__WHAT YOU HAVE TO DO__
An exact copy is the goal: every line from the one containing "آموزش جدول پارامترهای ها" to the end of the material below, pictures excluded.

__SOURCE DATA__
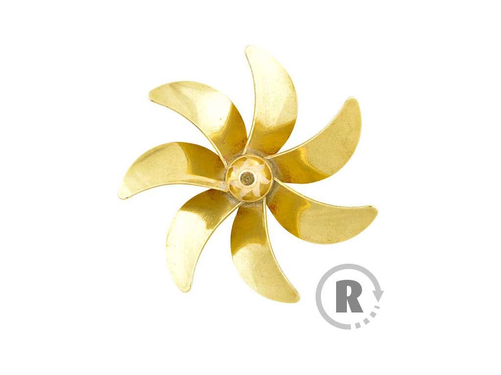 Raboesch lodní šroub tř.185 7-listý, průměr 65mm, směr otáčení pravý, montáž na hřídel se závitem M4, materiál mosaz pájená stříbrem.
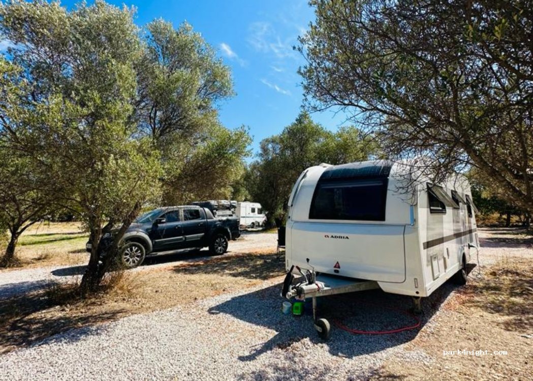 Olivia RV Camp site. Electricity, water, grey and black water disposal. Pitches underneath Olive trees. 7/24 hot water shower and wc.
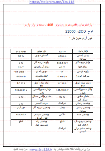 آموزش جدول پارامترهای ها استاندارد خودروی پژو 405 و سمند و پارس S2000
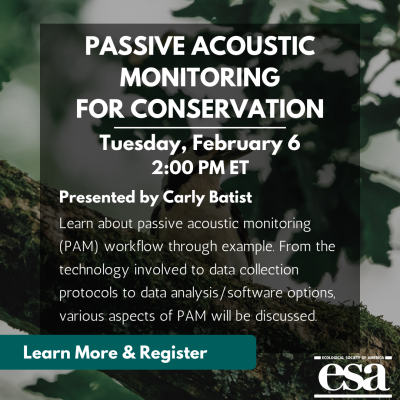 Coming Tuesday! Ecoacoustics has greatly improved our ability to monitor biodiversity efficiently across time and space. This workshop provides an overview of passive acoustic monitoring.

__ANSWER FOR THIS EXERCISE__
 آموزش جدول پارامترهای ها استاندارد خودروی پژو 405 و سمند و پارس S2000
 Coming Tuesday! Ecoacoustics has greatly improved our ability to monitor biodiversity efficiently across time and space. This workshop provides an overview of passive acoustic monitoring.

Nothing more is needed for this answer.